Closed captioning's role becomes more complex in multiscreen world

by Samantha Bookman

Closed captioning and multiscreen

WGBH introduced closed captioning in the 1970s. (Image source: Wikipedia)

Pity the misunderstood, overlooked caption: the text that displays underneath television pictures, white letters framed in black. Pity the subtitles of foreign movies, oft-maligned for their inaccuracy. Getting these captioning functions right is an expensive, time-consuming proposition. At least, that's what broadcasters want consumers to think.

In the wake of FCC rules, passed in 2012, that require television programs and movies to have closed captions even in the online video space--and an added rule this year regarding short clips--broadcasters and online video providers are scrambling to make sure their online catalogs are captioned.

But some, broadcasters in particular, complain that the rules are onerous and will place tremendous expense on them.

"The time and cost of enabling captions is not substantially less for a 2-minute clip than for a 2-hour full-length movie," the Digital Media Association, a group that represents Amazon (NASDAQ: AMZN), Apple (NASDAQ: AAPL), Microsoft (NASDAQ: MSFT) and YouTube, told The Hill.

Technicolor, Manzanita, Deluxe Media and SDI Media are among caption providers that have been serving film and television studios and distributors for years. The traditional technologies used to place captions correctly on television screens are from a different era and were built for a different way of delivering video. Thus, adding captions in the online video era requires providers to change their workflow and technologies--if they haven't done so already.

Then there's the technical complexity of delivering captions along with the video. The file containing the caption must be encoded into the same format as the video, and has to spool into the correct spot on the video.

Chris Knowlton, Wowza

Knowlton (Source: Wowza)

"In order to hit all the end devices a user might have… each uses a different streaming format," Chris Knowlton, Wowza VP and streaming industry evangelist, told FierceOnlineVideo. "To take in a single stream or piece of content, you have to take and convert it into a format that device can deal with, and display captions, in this case.
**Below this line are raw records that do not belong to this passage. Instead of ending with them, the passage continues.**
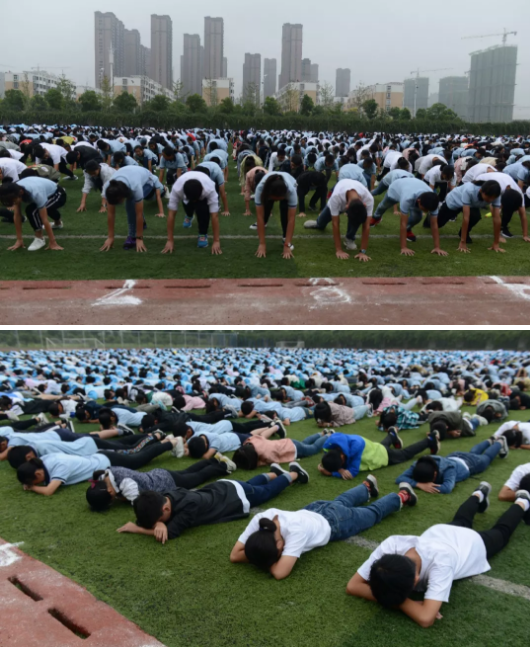 疏散到操场上的三中师生做起了对核武器杀伤破坏因素的防护动作,学生按要求趴伏在操场进行“避险”。
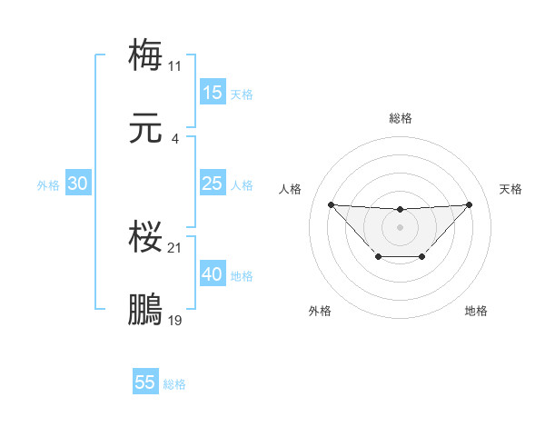 梅元 桜鵬さんの総格は55画の1点!
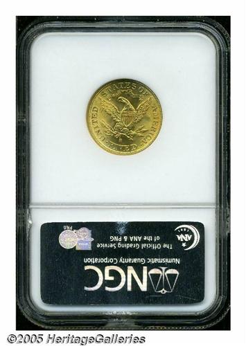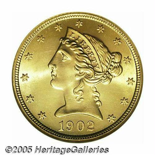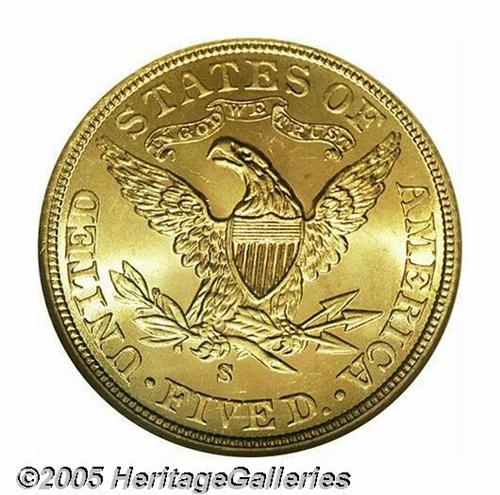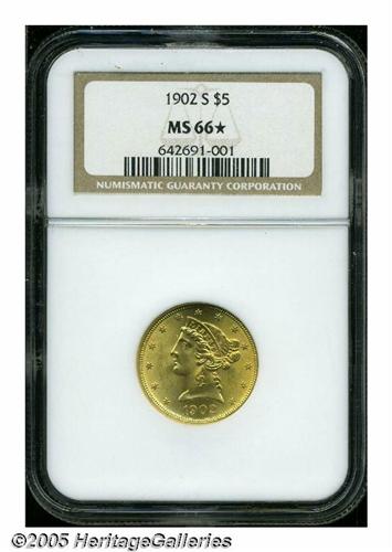 <B>1902-S<$5> <S MS66 NGC.</B></I> A superlative Gem. Brilliant and lustrous, with most design features showing bold and deep definition. Although the 1902-S is not a rare issue in Uncirculated grade, only a small portion of surviving examples could match the quality offered here. Here's a prize that admirably combines "flash" and beauty with condition rarity. Population: 27 in 66, 10 finer; with star: 1 in 66; 0 finer(5/05).
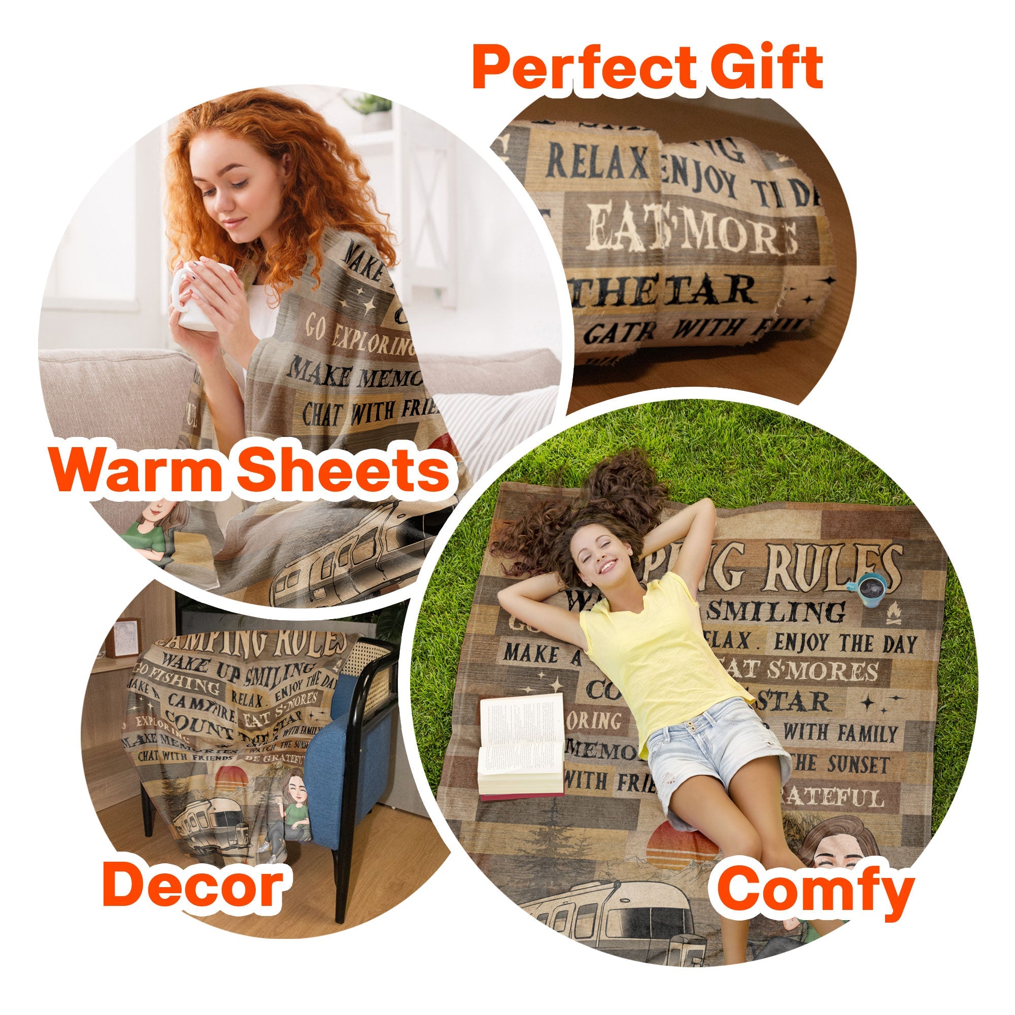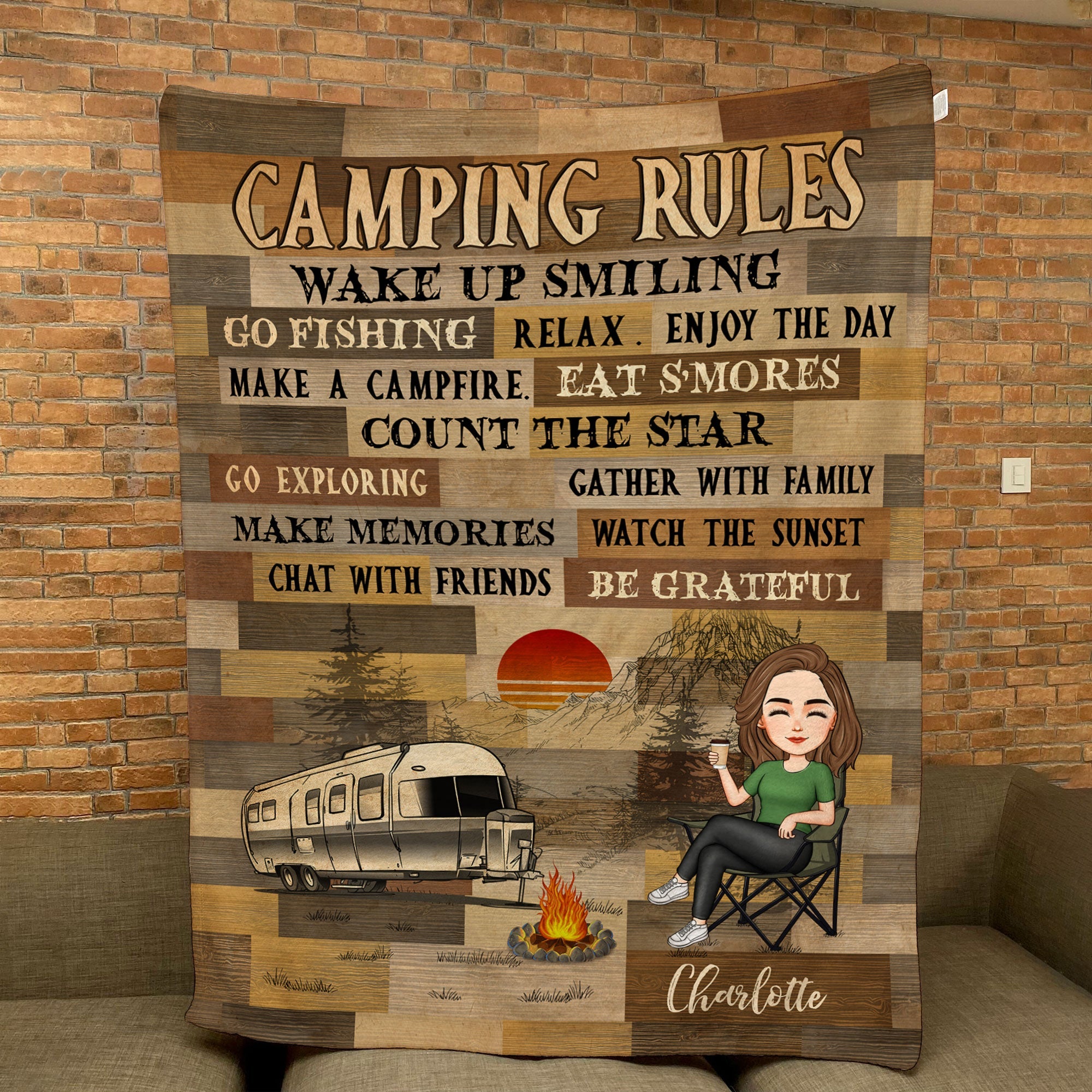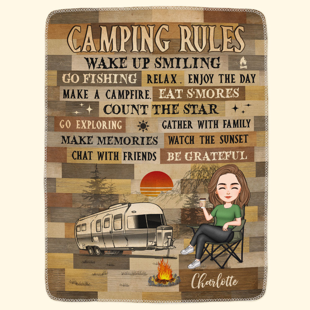 Embrace the cozy warmth of our "My Camping Rules" Personalized Blanket - a high-quality haven of softness and comfort. Ideal for chilly nights on a camping trip or simply lounging at home, this blanket is more than just a piece of warmth; it's a personalized statement. Crafted with the utmost quality, it's perfect for family gatherings or a solo camping adventure. Treat yourself or surprise your camping friends with a thoughtful gift that wraps them in comfort and personalized charm. Whether by the campfire or in the comfort of your home, this blanket is a versatile companion for making lasting memories and keeping warm in style.

It's a challenge for a number of folks."

Wowza is noted for its multiscreen streaming capability--converting source video into the various digital formats and compression levels needed to stream simultaneously to a plethora of mobile devices, computers, and TV screens.
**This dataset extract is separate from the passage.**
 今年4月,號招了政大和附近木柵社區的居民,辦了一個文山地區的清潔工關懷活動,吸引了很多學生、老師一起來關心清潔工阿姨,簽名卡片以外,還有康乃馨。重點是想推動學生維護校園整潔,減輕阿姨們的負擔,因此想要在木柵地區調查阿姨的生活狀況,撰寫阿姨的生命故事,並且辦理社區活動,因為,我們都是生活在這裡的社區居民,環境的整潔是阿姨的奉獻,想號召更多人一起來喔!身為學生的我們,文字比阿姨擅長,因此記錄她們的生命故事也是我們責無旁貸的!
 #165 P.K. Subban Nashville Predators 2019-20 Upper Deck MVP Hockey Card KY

Wowza does not create closed captions or subtitles, but does handle conversion.

"There are a whole bunch of different (captioning) standards, which are more de facto industry standards," Knowlton said. "Default TV is CEA 608, which specified in the 1980s how to embed caption data inside a video signal being delivered to a TV--aka, Line 21 data. From there, additional formats were created. For instance, if you're using a version of Flash streaming, folks would embed 'on-text data events' or 'on text caption events.' That is the default way to do it with streaming because Flash was so prevalent in the early 2000s."

The need for established broadcast captioning providers to convert or add digital caption technologies is clear. But pivoting could be difficult, and smaller providers have been waiting in the wings for this moment.
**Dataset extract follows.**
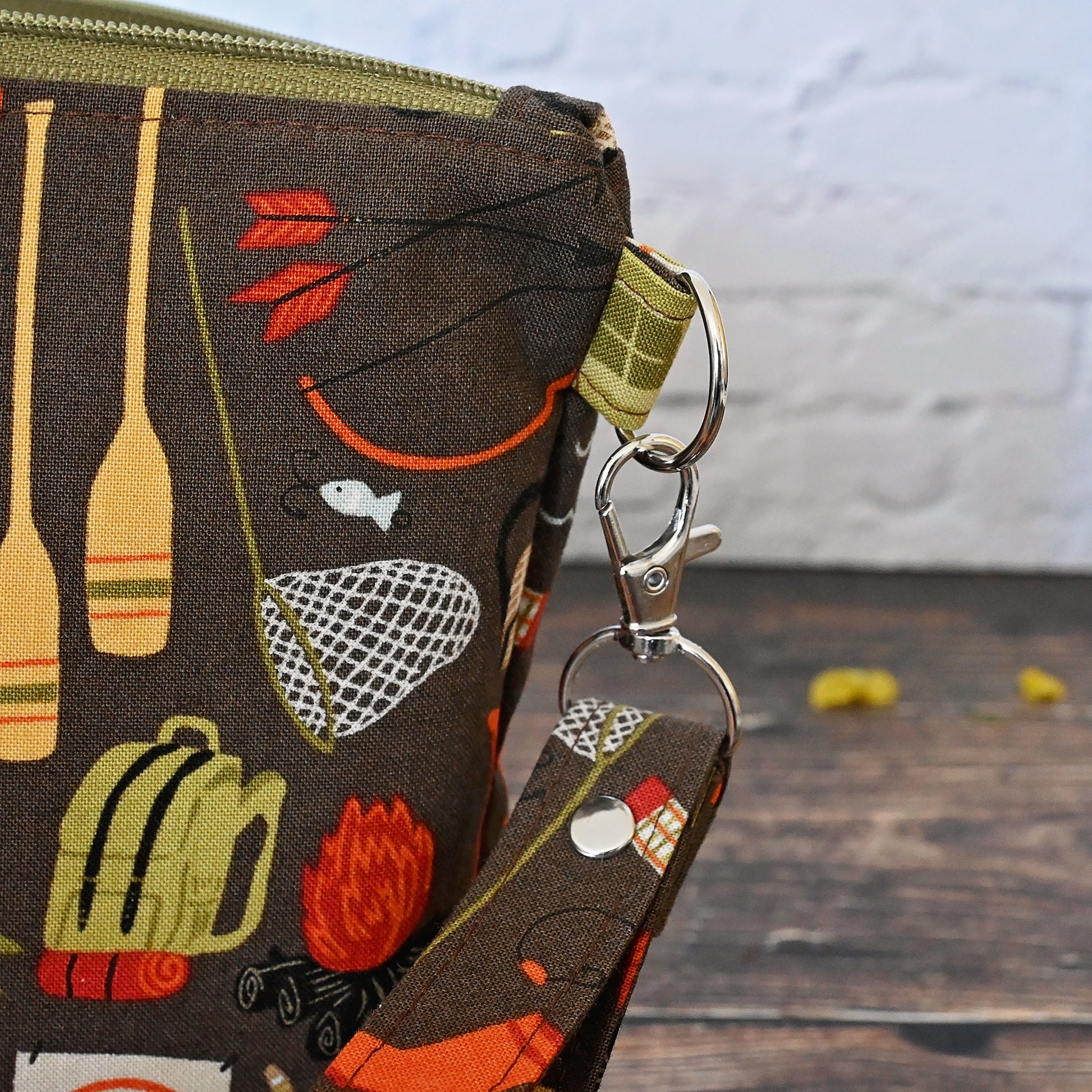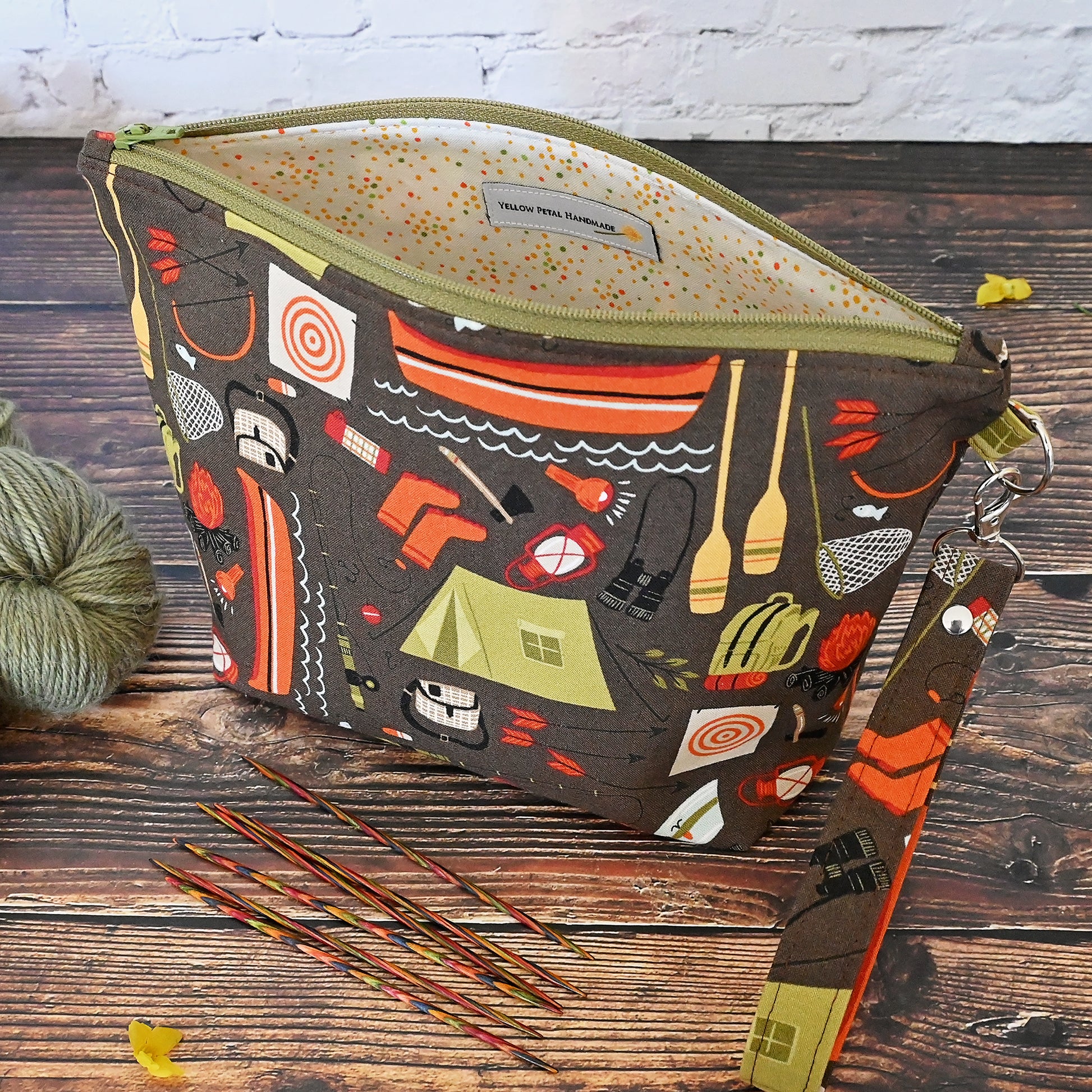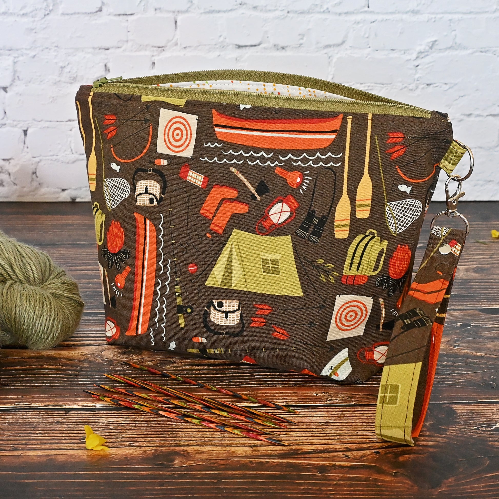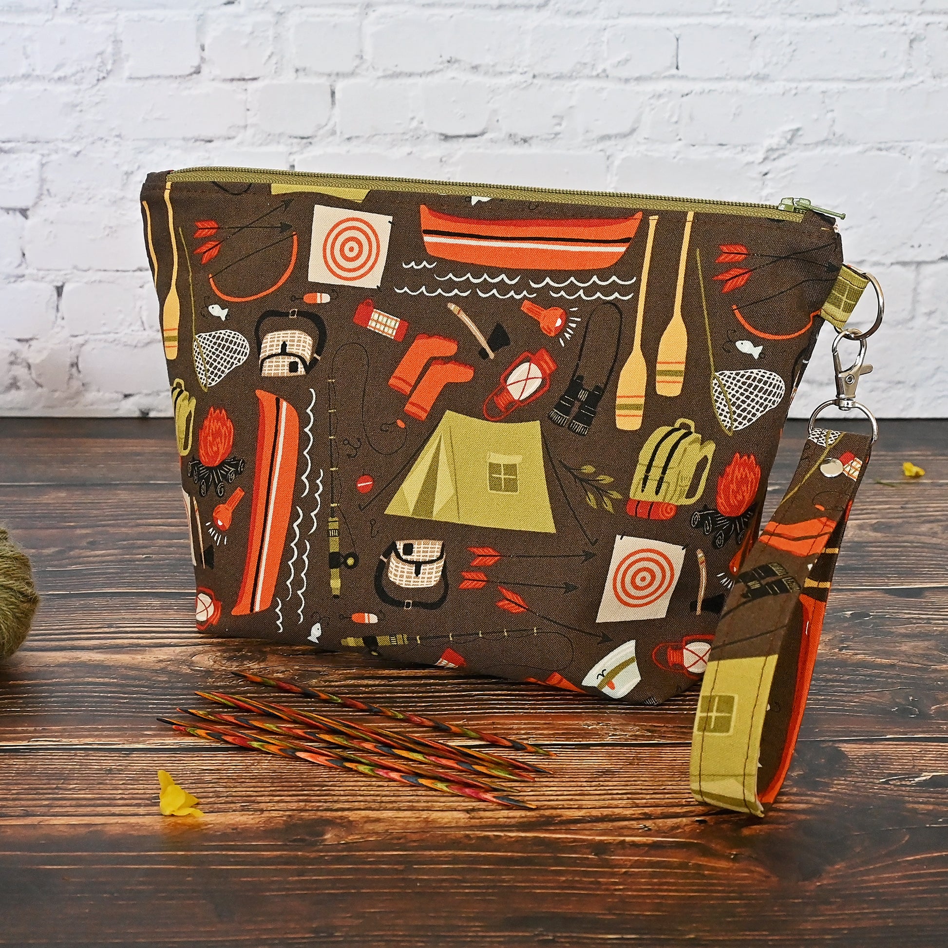 This fun pouch is made from a rich brown fabric and features tents, canoes and all the gear for a waterside adventure! It's a perfect size for small projects like socks or hats. It comes with a detachable strap for easy on-the-go use.

Not only are captioning and subtitling startups offering cost-effective ways to caption online content, they're pointing to the captions file as a potential metadata gold mine.

Two closed-captioning and subtitle providers, Dotsub and 3Play Media, are among the numerous startups making the case for affordable, compliant and monetizable captions.


Dotsub's platform enables closed captions and translated subtitles to be generated--by their professional translators or community-sourced with employees, partners or fans--for any online video in any language.

Founded in 2007, Dotsub serves enterprises across several verticals, and lists Adobe, airbnb, Bank of America, RSA and the U.S. Army among its customers.

Additionally, offering a "freemium" business model to add subtitles to IP-based videos is working well for Dotsub, a New York-based vendor.  The company's tiered subscription service also allows users to caption and translate subtitles for their own content at no cost; subscription rates apply at higher levels.

Peter Crosby, Dotsub

Crosby (Source: Dotsub)

Dotsub doesn't add its captions within online video files; rather, users have the option of choosing to have captions or subtitles display by clicking an appropriate icon on the video player.

"We're talking about video captions as overlays," said Peter Crosby, Chief Revenue Officer at Dotsub. "For example, on YouTube or other video players, if there's a 'CC' button or 'Choose a Language' box, you make an API call to Dotsub or another third party, like Wowza, Brightcove, Kaltura or Ooyala, for the subtitle file. The files are infinitesimal, they're kilobytes in size."

"With many customers we integrate with their players. So when a user makes a call for the video, we stream text subtitle files which hit the player far before the streaming. So there isn't an additional load for captions or subtitles if they're done as overlays."

Wowza's Knowlton explains this type of captioning, using what are called sidecar files.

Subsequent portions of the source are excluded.